→ Task to carry out: Print all of the data exactly, but drop the pictures.

----------

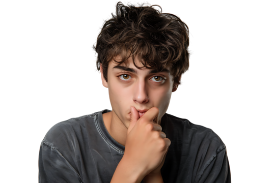 Close up portrait of young man holding his nose as if smelling something on isolated transparent background
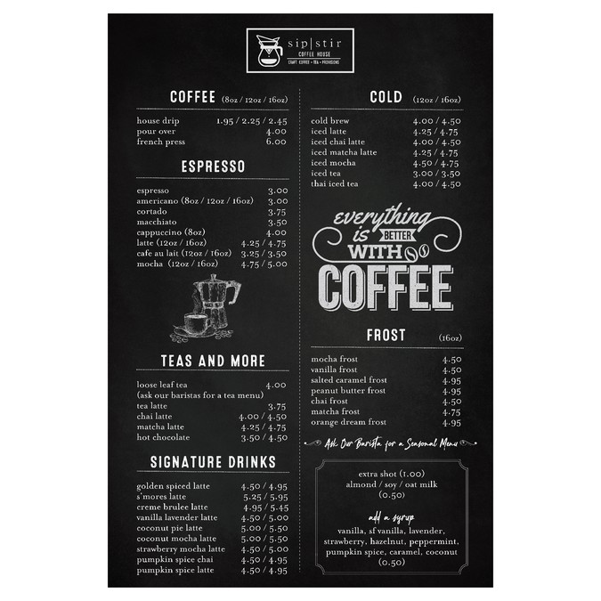 E s p r e s s o espresso americano cortado macchiato cappuccino latte cafe au lait mocha. 95 delivery was on time. Updated more than 6 months ago. Sip coffee house highland menu. As an coffee shop, sip coffee house offers many common menu items you can find at other coffee shops, as well as some unique surprises.
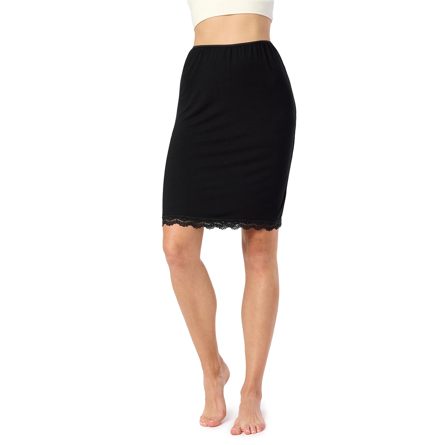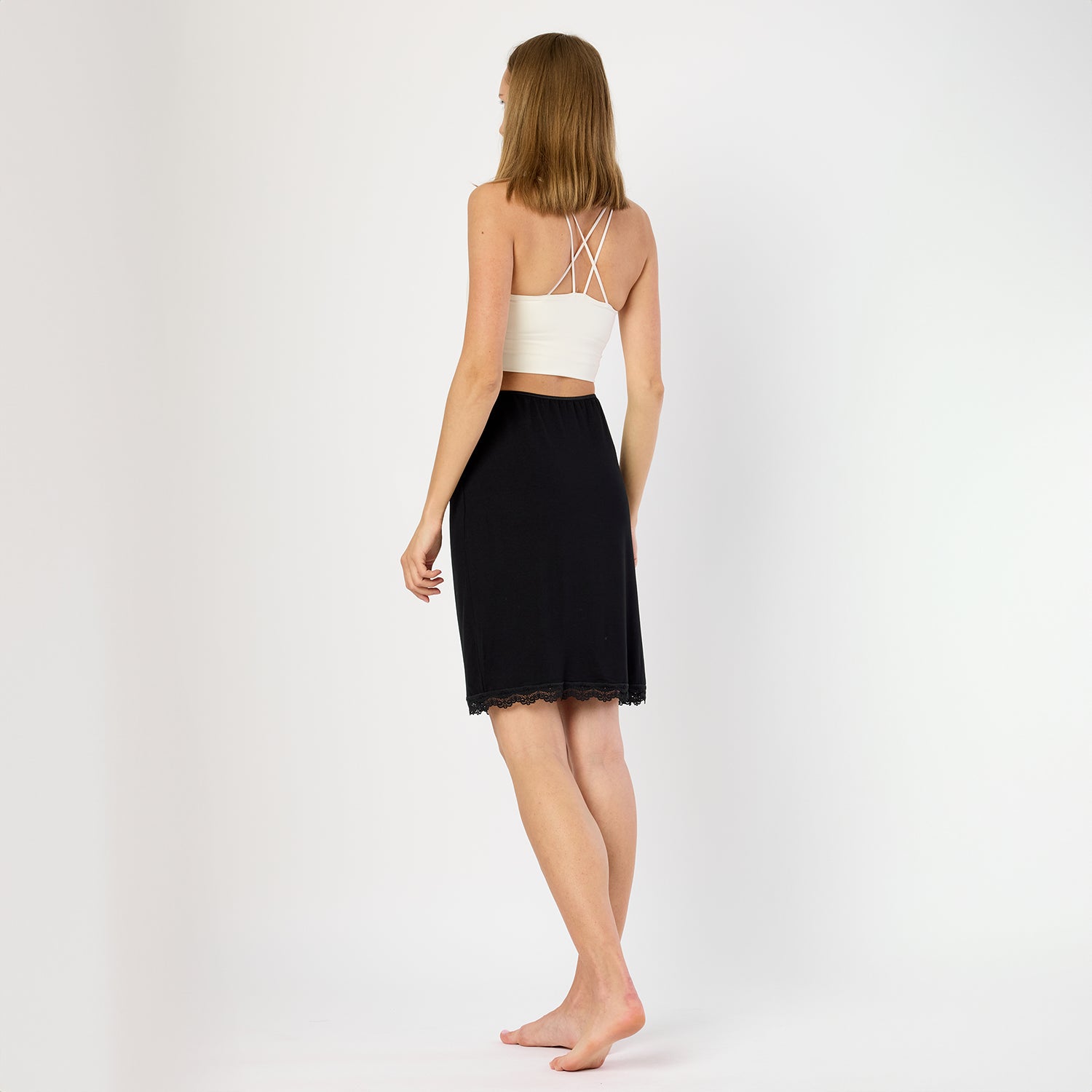 - Damen Unterrock aus Viskose; kurzer Unterrock, der unter dem Rock getragen werden kann; unterer Rand mit Spitze ausgefertigt; weiches Gummiband in der Taille, zwickt nicht; hergestellt in der EU
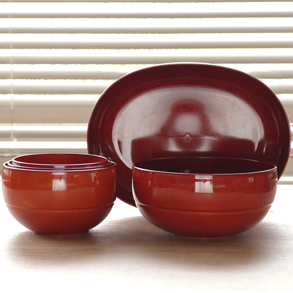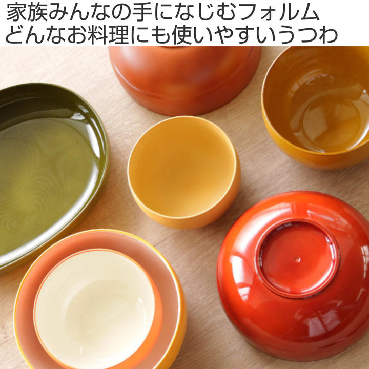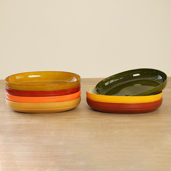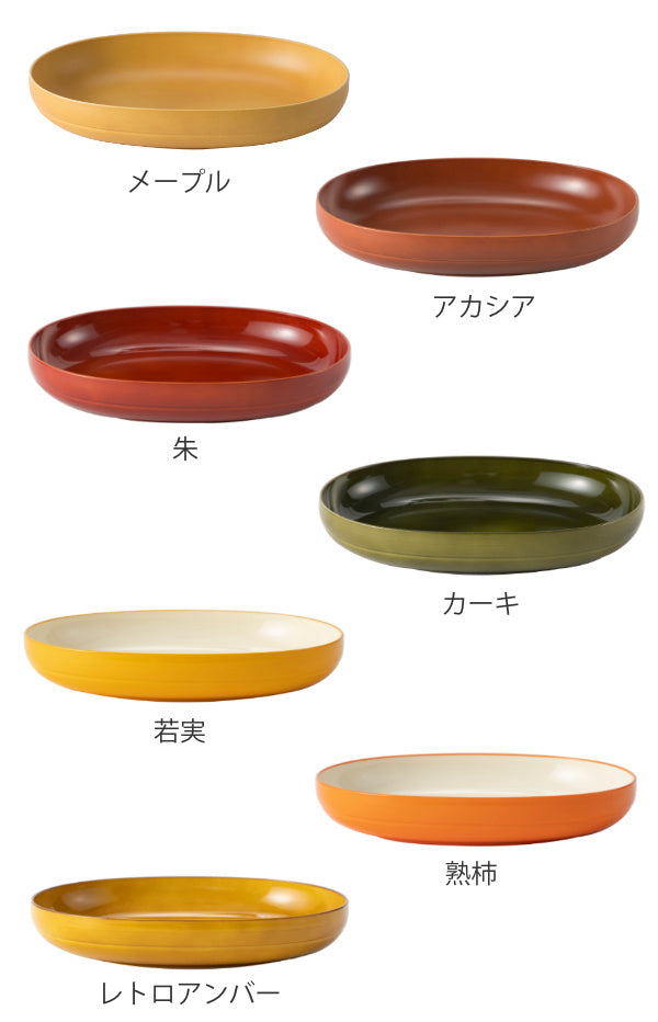 さらりとマットな質感の、メープル・アカシア。レトロな陶器のように艶やかな、朱・カーキ・レトロアンバー。会津の名産「みしらず柿」に由来し、お料理を瑞々しく演出するツートンカラーの、若実・熟柿。どれもお料理が映え、使い勝手の良いカラーです。
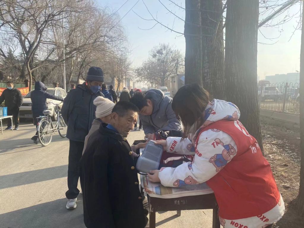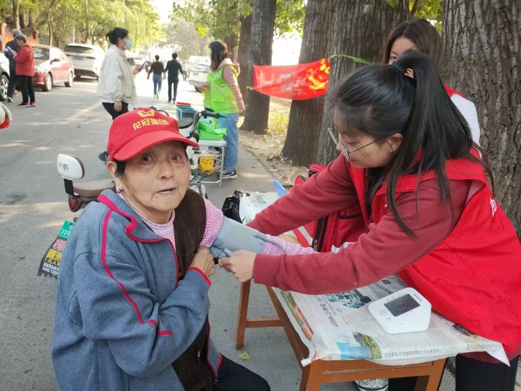 郭店街道社工站以郭店街道大集为出发点,将“推进五社联动,关爱一老一小”社会工作服务宗旨和“新时代文明实践志愿活动”相结合,建立了“社工站+志愿者”常态化联动服务模式,联动街道民生保障部门和社区,在公益集市上开展“政策宣讲”、“爱心义剪”、“1+1乐居服务包测血压血糖”、“困难问题收集”等志愿服务活动。
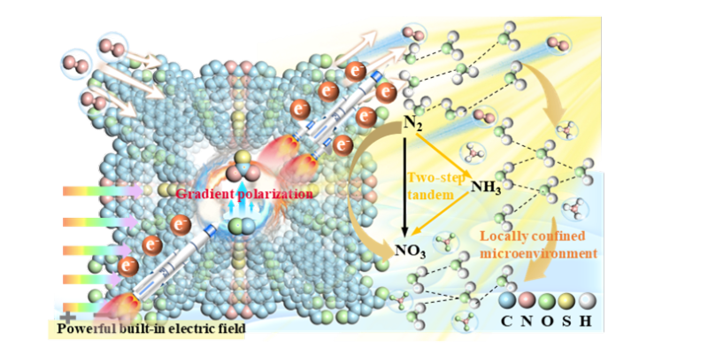 在此次研究中,陈鹏团队创新提出“空间梯度极化”设计策略。该设计如同为电子搭建“三维高速公路”,既打通快速传输通道,又形成强大内置电场,大幅提升光生电荷分离与利用效率。团队同时与中南林业科技大学和湖南大学等高校深度合作,成功证实了“梯度极化”结构的有效性。
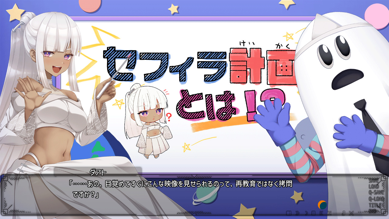 主人公であるダアトは教育課程にあったアンドロイドの知性体で、少女のボディを与えられ月面基地で目覚めることになります。そこには多くの幽霊が存在しており、セフィラの先輩でありヒロインでもあるビナーと共に、彼らの魂を救う…つまり成仏させるのが役割。
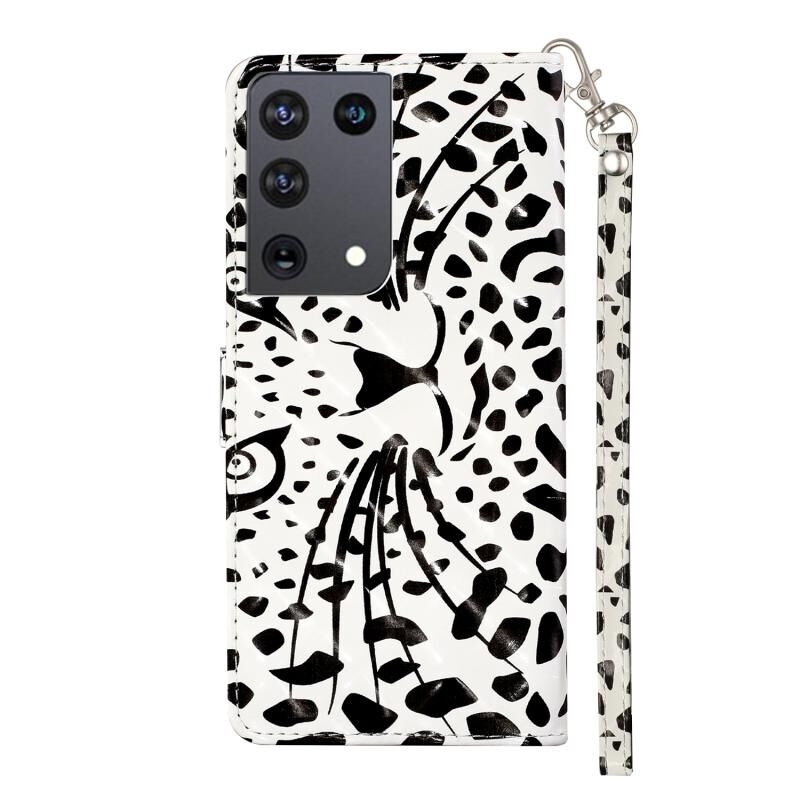 Θήκη δέρματος οριζόντιας αναδίπλωσης 3D με σχέδιο για Samsung Galaxy S21 Ultra 5G με βάση, θήκες καρτών, πορτοφόλι & λουρί (Κεφάλι Λεοπάρδαλη).

----------

→ Exercise output:
 Close up portrait of young man holding his nose as if smelling something on isolated transparent background
 E s p r e s s o espresso americano cortado macchiato cappuccino latte cafe au lait mocha. 95 delivery was on time. Updated more than 6 months ago. Sip coffee house highland menu. As an coffee shop, sip coffee house offers many common menu items you can find at other coffee shops, as well as some unique surprises.
 - Damen Unterrock aus Viskose; kurzer Unterrock, der unter dem Rock getragen werden kann; unterer Rand mit Spitze ausgefertigt; weiches Gummiband in der Taille, zwickt nicht; hergestellt in der EU
 さらりとマットな質感の、メープル・アカシア。レトロな陶器のように艶やかな、朱・カーキ・レトロアンバー。会津の名産「みしらず柿」に由来し、お料理を瑞々しく演出するツートンカラーの、若実・熟柿。どれもお料理が映え、使い勝手の良いカラーです。
 郭店街道社工站以郭店街道大集为出发点,将“推进五社联动,关爱一老一小”社会工作服务宗旨和“新时代文明实践志愿活动”相结合,建立了“社工站+志愿者”常态化联动服务模式,联动街道民生保障部门和社区,在公益集市上开展“政策宣讲”、“爱心义剪”、“1+1乐居服务包测血压血糖”、“困难问题收集”等志愿服务活动。
 在此次研究中,陈鹏团队创新提出“空间梯度极化”设计策略。该设计如同为电子搭建“三维高速公路”,既打通快速传输通道,又形成强大内置电场,大幅提升光生电荷分离与利用效率。团队同时与中南林业科技大学和湖南大学等高校深度合作,成功证实了“梯度极化”结构的有效性。
 主人公であるダアトは教育課程にあったアンドロイドの知性体で、少女のボディを与えられ月面基地で目覚めることになります。そこには多くの幽霊が存在しており、セフィラの先輩でありヒロインでもあるビナーと共に、彼らの魂を救う…つまり成仏させるのが役割。
 Θήκη δέρματος οριζόντιας αναδίπλωσης 3D με σχέδιο για Samsung Galaxy S21 Ultra 5G με βάση, θήκες καρτών, πορτοφόλι & λουρί (Κεφάλι Λεοπάρδαλη).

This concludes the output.